The trips in the dataset are categorised by main transport methods used for the longest part, by distance, and we selected the following two types of transport methods: “Public transport” includes the trips by underground, metro, light rail, tram, train, Bus, minibus, and coach. “Private car” includes the trips by driving a car, taxi, motorcycle, scooter, or moped, including their passengers.

Tokyo

We used datasets from successive person-trip surveys from 1988 to 2018 in the Tokyo metropolitan area21. The datasets were categorised according to the purpose of trips, and one-directional trips from home to the workplace were selected. The OD matrix denotes the number of commuters aggregated by middle-sized geographical zones. A middle-sized zone is essentially equivalent to a municipal district, with the exception that some zones in rural areas contain several districts. The zones have been altered by municipal mergers and dissolutions between 1988 and 2018, and the target regions of the surveys have been extended. We selected the areas covered by all surveys from 1988 to 2018 and have a surjective mapping from the zones in 2018, to make shapefiles before 2018 (The shapefile was available only for the last survey in 2018). Several peripheral areas in the Ibaragi, Chiba, Kanagawa, and Saitama provinces were excluded.

The resultant matrix contained 11.77 million trips among 121 zones in 2018, 11.74 million trips among 120 zones in 2008, 10.97 million trips among 114 zones in 1998, and 9.97 million trips among 106 zones in 1988.

Core-based statistical area (CBSA) in the United States

We used LEHD Origin-Destination Employment Statistics (LODES) datasets for 201822. The datasets contain the number of jobs for each pair of residential places and workplaces at the census block level. We aggregated the data into the census tract level and analysed the OD matrix of commute trips for each core-based statistical area (CBSA) defined by the U.S. Office of Management and Budget23. The shapefiles of the census tracts were obtained from 2019 TIGER/Line shapefiles24.

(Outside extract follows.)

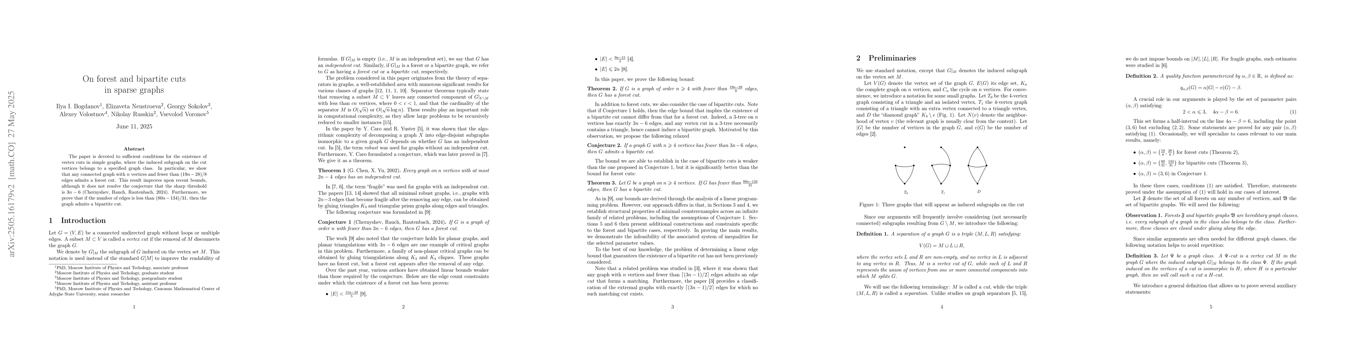 The paper presents novel edge count thresholds for the existence of forest and bipartite cuts in sparse graphs, improving upon previous bounds.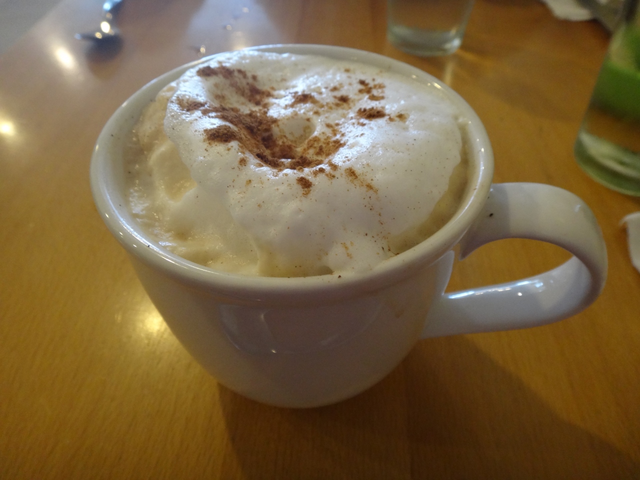 飲み物は、カプチーノのダブル(3.3ドル)とチャイラテのダブル(4.15ドル)を頼みましたが、チィイラテはチャイの味がしませんでした。

There were 930 CBSAs in 2018, excluding those in Alaska and Puerto Reco25. CBSAs are classified into metropolitan statistical areas (MSAs) and micropolitan statistical areas (\(\mu\)SAs), depending on whether the population is larger than 50,000.

The population of a CBSA was computed by adding those of the counties that belong to the CBSA. County populations were taken from26.